Very nice finish, they really look natural against that sky background in the first photo.


----------



## OKCmike (Aug 22, 2010)

Thanks again all!
Hey BT, you had a really cool job back in the day,huh. Although I can imagine that it was stressful at times having to come up with new ideals all the time, still a fun job.


----------



## ChrisW (Jan 1, 1970)

I'm sorry, it looks like you are having entirely too much fun with these kits!

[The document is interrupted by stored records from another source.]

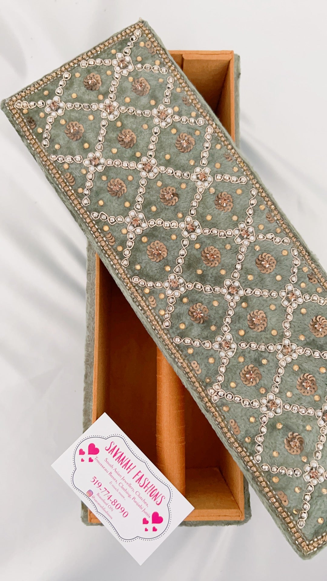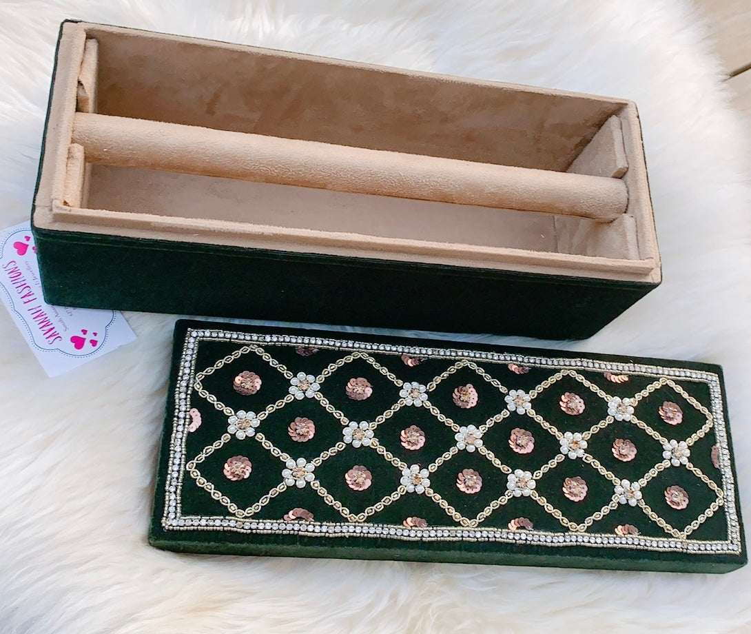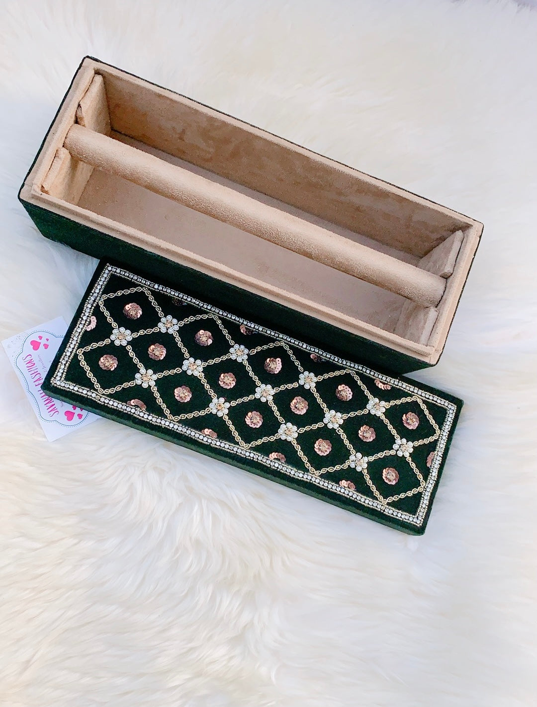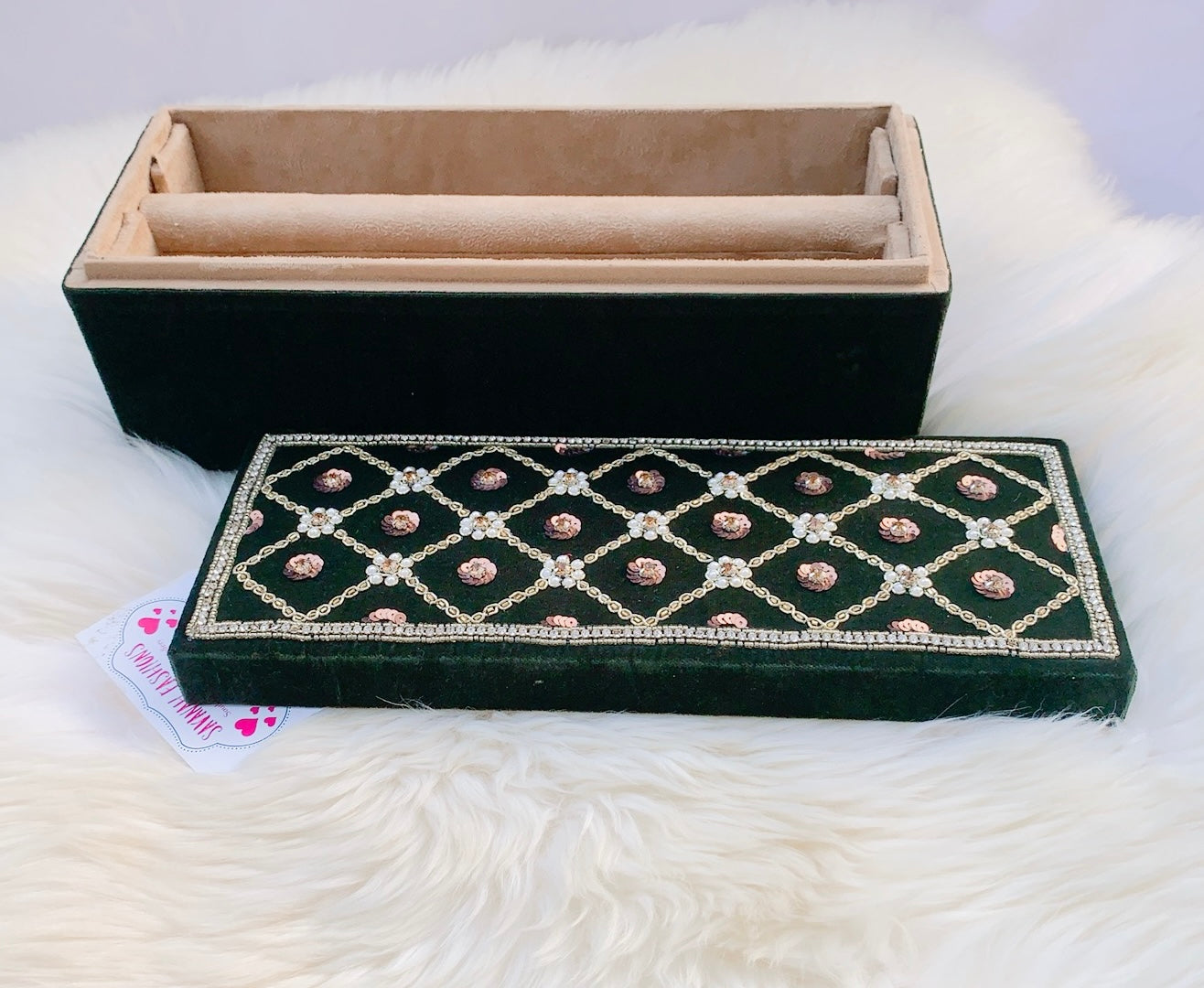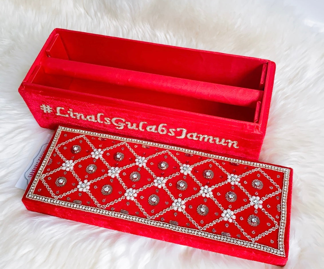 Hand crafted with high quality velvet exterior and suede interior. This hand embroidered chic design makes for a perfect keepsake of your expensive bangles or a great gift for any bride. Our bangle boxes can be made in any colour with your personalized name or hashtag.
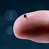 Auf dem Bild sieht man auf einem blauen Hintergrund eine vergrößerte Fingerkuppe auf der eine winzig kleine schwarze Kugel zu sehen ist.
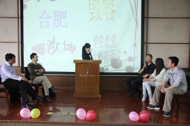 下午1点30分,活动准时开始。在主持人对活动进行了简短的介绍后,有关于“未来选择”“恋爱处世”“生活杂谈”三个主题的大讨论也随之展开。本次活动以近期相关的社会时事为线索,向现场的老师及同学们提出了贴近生活而又极富争议性的问题——对考研、考公务员热有什么看法,对职业的选择有什么建议与规划,对大学生恋爱持有什么态度,学生应如何摆正自身价值观等问题一个接一个出现在屏幕上。老师们将自己丰富的阅历结合切身的体会,就相关问题作了独创性的回答。幽默的语言加上缜密成熟的思维方式,使同学们的困惑得到了很大程度的解决。而台上台下的同学也积极主动与老师展开交流互动,使现场一直处于和谐、热烈的氛围之中。
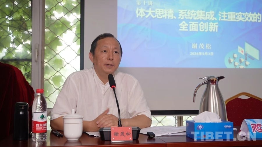 9月3日下午,國家創(chuàng)新與發(fā)展戰(zhàn)略研究會資深研究員,中國文明和中國道路研究中心主任,清華大學(xué)國家戰(zhàn)略研究院資深研究員謝茂松應(yīng)邀到中國西藏信息中心,做客“榮豐大講堂”,以《體大思精、系統(tǒng)集成、注重實效的全面創(chuàng)制》為題,分享其學(xué)習(xí)黨的二十屆三中全會精神的體會和認(rèn)識。
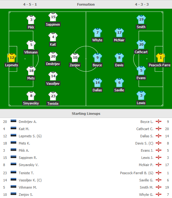 Estonia (5-4-1): Mihkel Aksalu (TM), Gert Kams, Marten Kuusk, Joonas Tamm, Karol Mets, Artur Pikk, Sander Puri, Mattias Kait, Konstantin Vassiljev, Henrik Ojamaa, Sergej Zenjov.
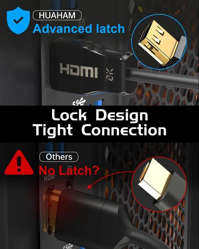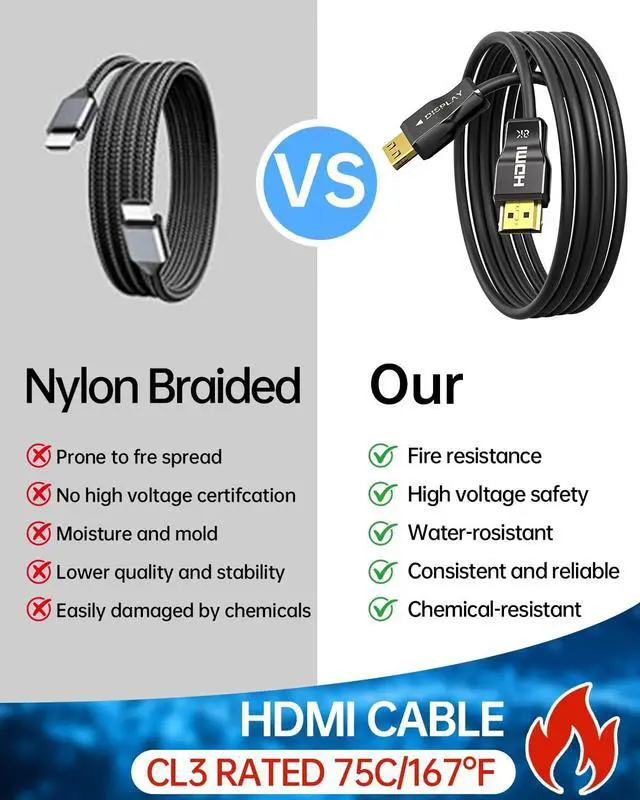 Upgrade Revolutionary HDMI 2.1T he new 10K 8K HDMI 2.1 cable enters the 10K 8K world. The 24K gold-plated connector zinc alloy shell increases the service life of the cable, and the lock design is not easy to fall off. The advanced HDMI 2.1 chip ensures 48Gbps data transmission and supports resolutions up to 8K (7680 x 4320) without signal loss. No stuttering or frame drops when playing games/watching TV/videos, faster and smoother than 4K HDMI cables. ^^ CL3 in Wall RatedCL3 Rated, PVC sheathing is specially treated for in-wall installation. The aluminum alloy shell has better insulation and is more durable.
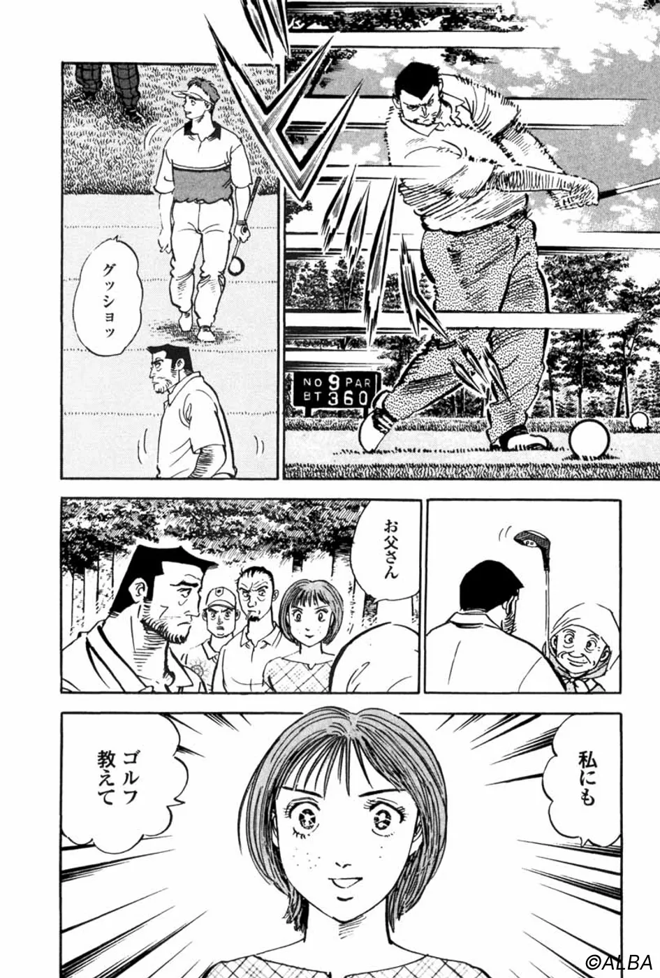 【第9巻あらすじ】往年の名プレーヤー・山中一佐と釧路オープンで戦った鳴海一丸。勝ち負けよりも、プロゴルファーとしての山中の生き方に、ゴルフに対する熱い思いに多くを学び、今再び浅草に戻ってくる。そして舞台は大茨城GCへ。今度はあの石塚一平が対戦相手だ。
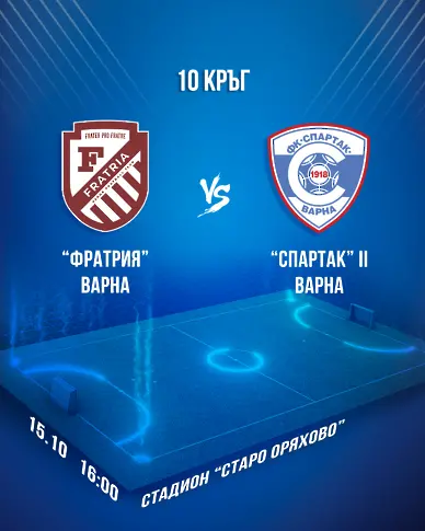 моциите за феновете на "соколите" не спират и в паузата на шампионата. Първият тим на Спартак няма двубой, но всички спартаклии могат да подкрепят дублиращия отбор, който ще излезе в един от най-важните си мачове през есента. ФК Спартак" (Варна) II гостува на Фратрия в 10-ия кръг на Североизточна Трета лига, съобщава фейсбук страницата на варненския клуб. Срещата е в неделя, 15-и октомври от 16 часа на стадиона в Старо Оряхово. "Соколите", водени от Ивелин Петков са лидери в класирането с 18 точки след 6 победи. На терена в регионалното дерби ще излязат и някои от играчите, които сме свикнали да виждаме с екипа на първия отбор във Втора лига.
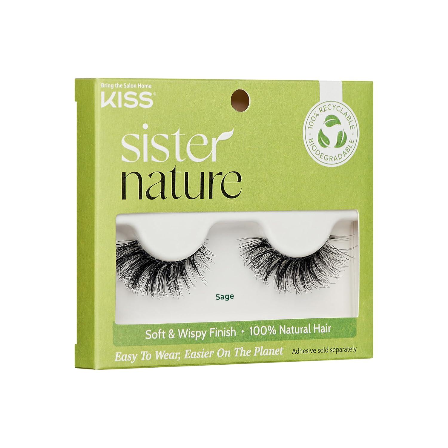 Lightweight, soft, and alluringly wispy, KISS Sister Nature False Eyelashes are easy to wear and even easier on the planet. These eco-friendly organic false eyelashes are made of 100% natural human hair with a fluffy and feathery finish. Sister Nature is the natural way to lash. Recyclable paper box printed with biodegradable soy ink and a reduced PET plastic tray. Use with Sister Nature Strip Lash Adhesive, sold separately, in black and clear options.
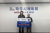 (비전21뉴스) 파주가 낳은 배구 인기인(스타)이자 아이비케이(IBK)기업은행 알토스 소속 이주아 선수가 고향 후배들을 위해 1천만 원을 기부하며 남다른 고향 사랑을 전했다. 파주시체육회는 지난 23일 체육회 회의실에서 이주아 선수와 부모, 파주시배구협회 관계자(박희수 회장, 황우연 부회장, 전찬혁 사무국장) 등이 참석한 가운데 기부금 전달식을 개최했다. 이번에 전달된 기부금은 파주 지역 생활체육 활성화를 비롯해 유소년 및 학생 선수 육성, 체육 기반 시설 개선 등 파주시 체육 발전을 위한 다양한 사업에 사용될 예정이다. 이주아 선수는 “고향 파주에서 많은 응원과 도움을 받으며 운동을 시작했고, 덕분에 지금의 자리까지 올 수 있었다”라며, “지역 체육 발전과 후배 선수들에게 작게나마 힘이 되고자 기부를 결심하게 됐다”라고 소감을 밝혔다. 이어 “앞으로도 파주 체육이 더욱 활성화돼 꿈을 키우는 후배들이 더 나은 환경에서 운동할 수 있기를 바란다”라고 덧붙였다. 김종훈 파주시체육회장은 “파주 출신 국가대표 선수로 훌륭하게 성장한 이주아 선수가 고향을 잊지 않고 나눔을 실천해 준 데 대해 깊이 감사드린다
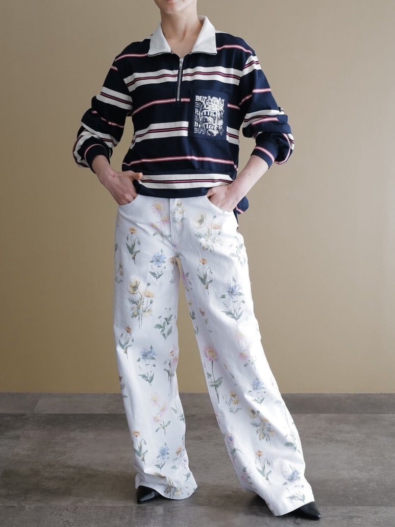 折り曲げると色違いになるなど、個性的なデザインのラガーシャツです。
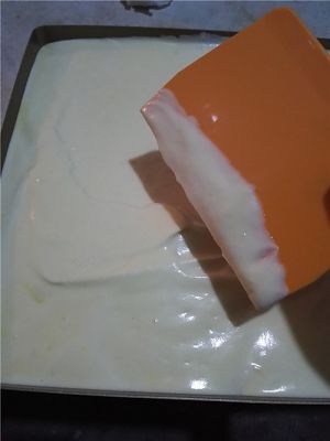 将蛋糕糊倒入28*28烤盘中,烤盘垫上油布。轻震几下烤盘震出气泡。
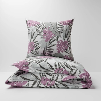Pościel z kory 200x220 + poszewki na poduszkę 2*70x80 | 455róż | szaro różowa | liście monstera
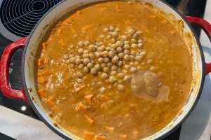5. Spoel de kikkererwten goed af en voeg deze toe. Doe ook de pindakaas erbij en roer alles goed door. Laat de curry daarna nog 5-10 minuten op een laag vuur sudderen en roer het regelmatig door.
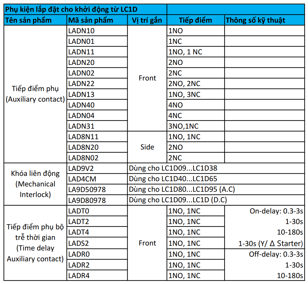 Phụ kiện dùng cho Khởi động từ LC1D Schneider
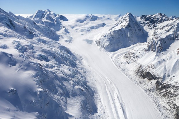 Aerial photograph of the Tasman Glacier in Aoraki / Mount Cook National Park
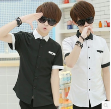 非主流男士短袖衬衫青少年韩版潮2015男装春夏衣服个性打底衫yifu
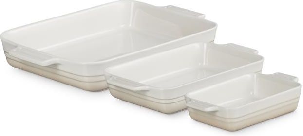 Zestaw trzech prostokątnych naczyń marki Le Creuset zawiera formy w rozmiarach 19, 26, 32 cm. Świetnie sprawdzą się one do codziennego użytku.
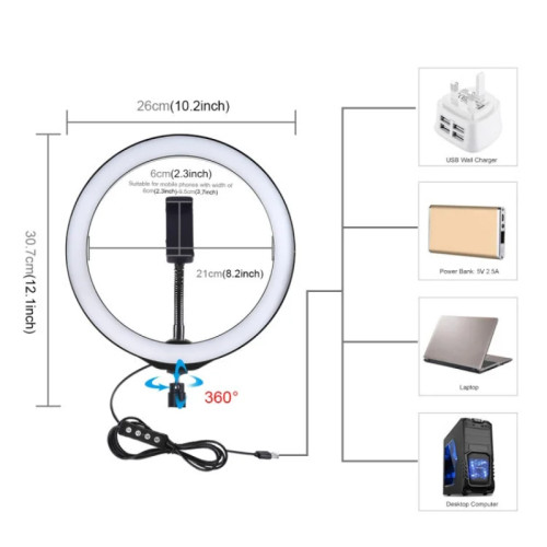 Кольцевая светодиодная Led лампа для блогера селфи фотографа визажиста D 26 см Ring

Very nice idea for a dio. 

I think the only part I would do differently is use model railroad landscaping material to make the base resemble the rolling farmlands of an iconic french countyside...maybe working a horizon into the background.

Magnifique!


----------



## OKCmike (Aug 22, 2010)

Thanks Chris. Yeah, I originally thought of making a trench scene with small figures, barb wire and all that or a wooded scene with trees, castle, logging road, small trucks etc. using forced perspective, and then I thought it might just be better to keep it simple and pay homage to the box art with the lettering. I usually don't even like or use nameplates with model kits but this time I made an exception. :freak:


----------



## Molemento Pete (Mar 27, 2002)

Great job on some fun kits!


----------



## dklange (Apr 25, 2009)

Very cool dio!!

Looks like lucky P needs to remember his seatbelt before flying inverted!!:freak:

- Denis


----------



## jxwright (Dec 15, 2008)

Very cool!


----------



## hal9001 (May 28, 2008)

Mike, did you add an extra 'finger' to little _un_-Lucky Pierre? 

Carl-


----------



## scooke123 (Apr 11, 2008)

I never noticed the finger when I first saw this one. Nice viewing it again!


----------



## Mark McGovern (Apr 25, 1999)

OKCmike said:


> ...I thought it might just be better to keep it simple and pay homage to the box art with the lettering.


Always a good policy, OKCM. Ditto what everybody else has said. :thumbsup::thumbsup:


----------



## OKCmike (Aug 22, 2010)

Been offline awhile and just now getting back around and saw new comments on old post. Thanks Hal, Sooke and Mark. Yeah guys, I did do a personal touch re- sculpting his hand, just can't help myself sometimes. Kinda feeling the urge to build some more Weird-Ohs. Huuuuum! do have those Steel Pluckers laying around somewhere.


----------